DATA
-- Opening Marker --

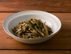 ②ぶなしめじ、えのきたけは石づきを取り小房に分ける。しいたけは石づきを取る。
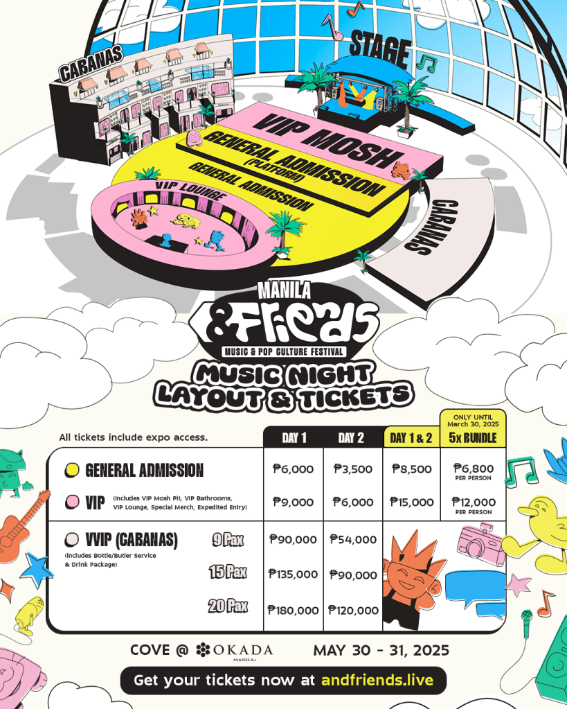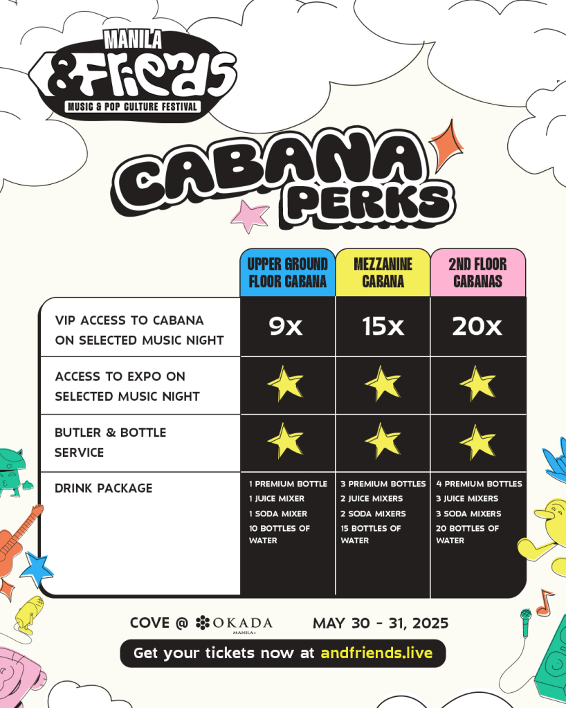The ultimate &FRIENDS experience can be enjoyed in VVIP Cabanas, starting at Php 54,000 for Day 2, for 9 pax. Day 1 cabanas are already sold out.
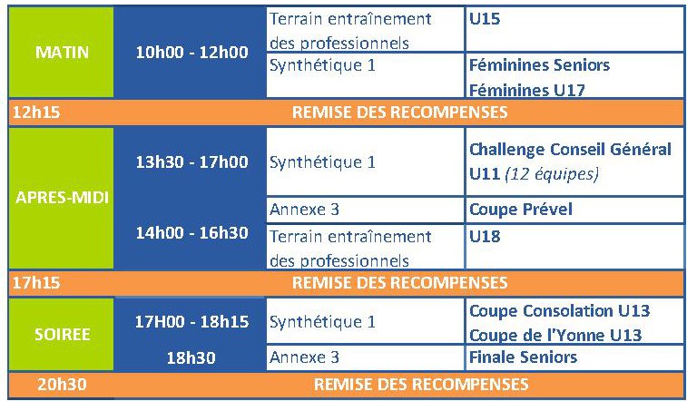 Héry (Coupe de l'Yonne seniors), Neuvy sautour (Coupe Prével), AJ Auxerre 3 (Coupe Pierre Bureau - U18), Auxerre Stade et Avallon CO 2(Coupe de...

-- Closing Marker --

Copy the whole listing exactly, excluding the pictures in it.

 ②ぶなしめじ、えのきたけは石づきを取り小房に分ける。しいたけは石づきを取る。
The ultimate &FRIENDS experience can be enjoyed in VVIP Cabanas, starting at Php 54,000 for Day 2, for 9 pax. Day 1 cabanas are already sold out.
 Héry (Coupe de l'Yonne seniors), Neuvy sautour (Coupe Prével), AJ Auxerre 3 (Coupe Pierre Bureau - U18), Auxerre Stade et Avallon CO 2(Coupe de...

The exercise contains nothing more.